Every outing from my hostel assured me additional material for this blog in the form of strange and tragic encounters that can be experienced on almost every block one passes on Granville Street. It was like being in a B-movie that goes from trippy, to sad, to ridiculous all in the period of five minutes. One needn’t sample the legendary BC Bud (famous locally grown marijuana) to get a taste of altered states of reality. Just walk down the streets of this lunatic asylum, and you’ll get a chemical-free acid trip on the house. Vancouver is a heroin dream with periodic bursts of crystal meth psychosis.
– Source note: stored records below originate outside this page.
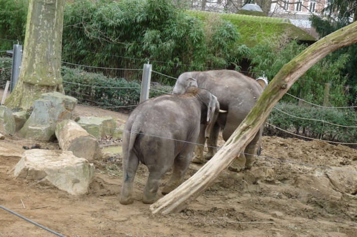 A sok érdekes látnivalón kívül váratlanul nagy élmény volt az állatkert két kiselefántjának elevensége, játékos verekedésének látványa. A háromnyelvű (!) információs tábláról megtudtam, hogy a fiatal indiai elefántok egyike Budi, aki 2008-ban Dublinban született, a másik pedig Ming Jung, aki 2007-ben Kölnben látta meg a napvilágot. Mindketten fiatal hímek, akik addig maradnak Antwerpenben, amíg ivarérettek nem lesznek. Ezután döntenek majd arról, hogy hol vesznek részt szaporítási programban. Addig is szemmel láthatóan élvezik egymás társaságát az Egyiptomi Ház kifutójában. Ez a ház az egyik legrégebbi épület az állatkertben, 1856-ban épült. 1988-ban teljesen felújították. Falain a hieroglifák igaz történetet mesélnek el: az afrikai állatok ideszállítását. Most zsiráfok és ázsiai elefántok élnek az Egyiptomi Házban.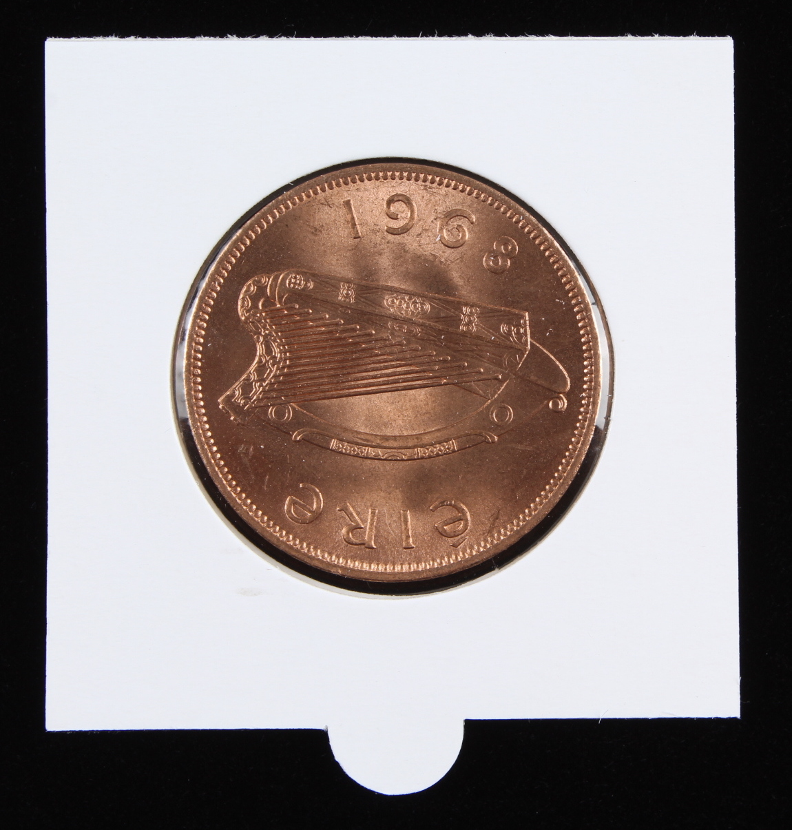 The scarce, pre-1969, large (half-dollar-size) penny shows classic harp and hen-and chicks motifs. In uncirculated condition, it is an enduring source of good luck.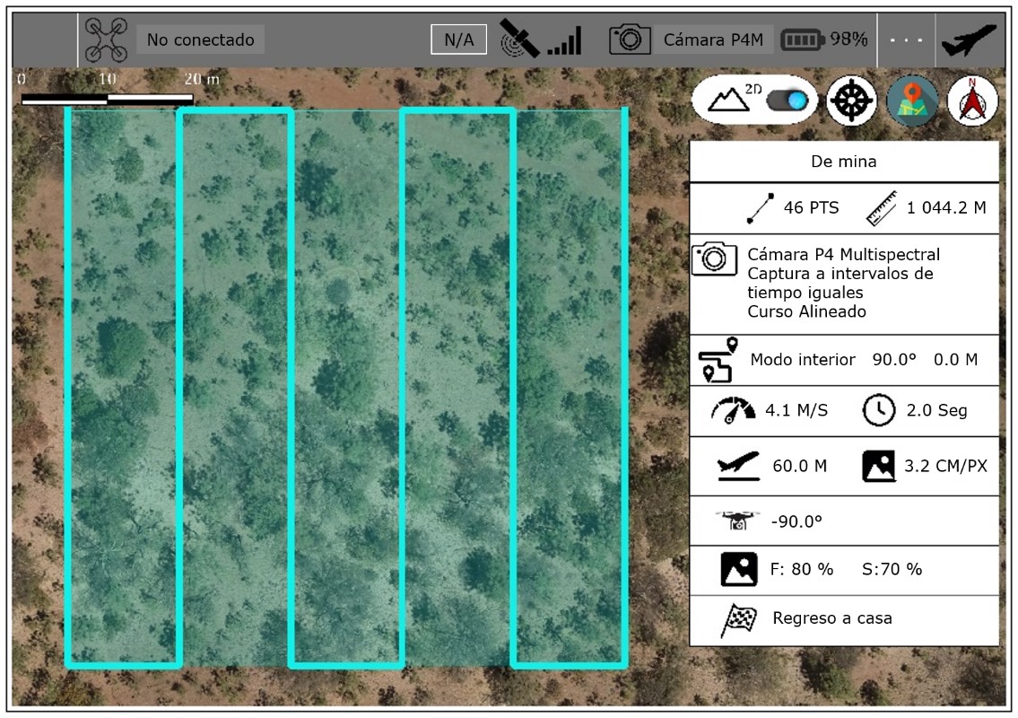 Durante cada vuelo se captaron, con el VANT, un total de 141 imágenes RGB y 705 imágenes multiespectrales, las cuales se utilizaron para crear el ortomosaico multiespectral.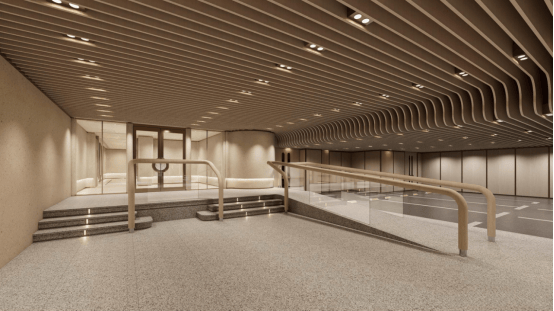B2层大堂以浅色岩板巧妙包覆,细腻的纹理与柔和的色调交织,营造出庄重而不失优雅的仪式感。

And that’s another thing, the BC Bud is good but like everything about this place is also overrated. It is no better than what can be found at most California dispensaries, and I suspect in Washington and Oregon as well. Add to that the fact that you cannot smoke weed within 1oo feet of any window or door, and you’ve pretty much eliminated every location in Vancouver. Then you are forced to seek refuge in one of a handful of smoking lounges which were all a mile away from my hostel.  For $5.00 you can chill for an hour and use an industrial grade vaporizer. The New Vansterdam Cafe was filled with three flat screens all playing various sports including the Golf Channel!  Definitely not my thing, and I’m sure George Carlin would not approve if he were alive. The next place was too hot and featured a disagreeable employee and angry rap music, but the VanCity Bulldog was just right. Smaller cooler place, nice employees, and agreeable music. They even have some connection with the famous Bulldog Café in the real Amsterdam.
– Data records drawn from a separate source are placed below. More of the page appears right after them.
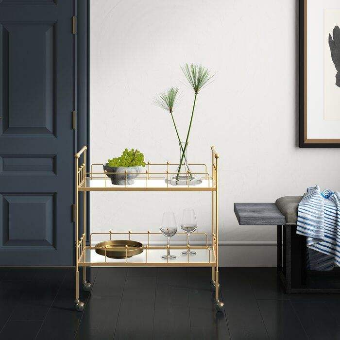 รถเข็นเหล็กดัดสไตล์ร่วมสมัยสีทอง พร้อมชั้นวางกระจกนิรภัย รถเข็นเสิร์ฟแบบมีล้อ สำหรับใช้ในบ้าน ห้องครัว ห้องรับประทานอาหาร และจัดแสดงเครื่องดื่ม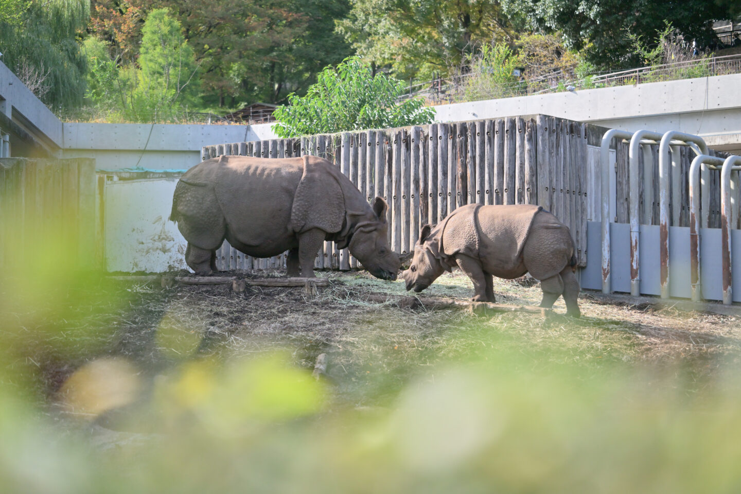 インドサイの親子が陽だまりの中で草を食べていました。穏やかにゆっくりと食べている様子を感じさせるために広い構図にしました。F2.8の効果をいかして植え込みの葉を大きくボかし、光で囲むような表現を加えると優しい雰囲気を演出できました。明るい色で可愛いさもアップしています。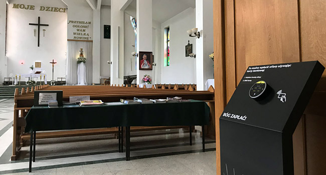 Zainstalowane w gdańskiej parafii urządzenie firmy Nayax, obsługiwane przez Elavon, wygląda jak hokejowy krążek. Jest niewielkie, bo ma ok. 12 cm szerokości. Składający ofiarę ma do wyboru jedną z czterech kwot. Po jej wybraniu wystarczy, że zbliży kartę (lub telefon czy zegarek) i po maksymalnie dwóch sekundach pojawia się komunikat z podziękowaniem: „Bóg zapłać”. Nie wpisuje się PIN-u, ani nie wkłada się karty do urządzenia. „Cała operacja jest bardzo prosta i bezpieczna” – podkreśla proboszcz parafii.

In fact, do yourself a favor, skip Vancouver altogether, save your money, and go a truly charming city with plenty to see and do. The real Amsterdam has a far better European cannabis culture tied up in a much prettier package. The original Bulldog and the Van Gogh Museum alone would bury this Canadian cultural failure of a city. Add Amsterdam’s hundreds of quaint bridges and lovely canal houses, and no comparison is even worth mentioning.

You’re probably wondering what possessed me to go to all of those lounges which were all a mile away from me? Well in this snoozer of a city it definitely takes the edge off of the boredom and the disturbing nature of it’s street population. It was either that or stay at the hostel, which had an older fellow staying there whose uncovered cauliflower ear was caked full of dried blood. This would have been unpleasant enough if it weren’t for the fact that he hung around the kitchen most of the time.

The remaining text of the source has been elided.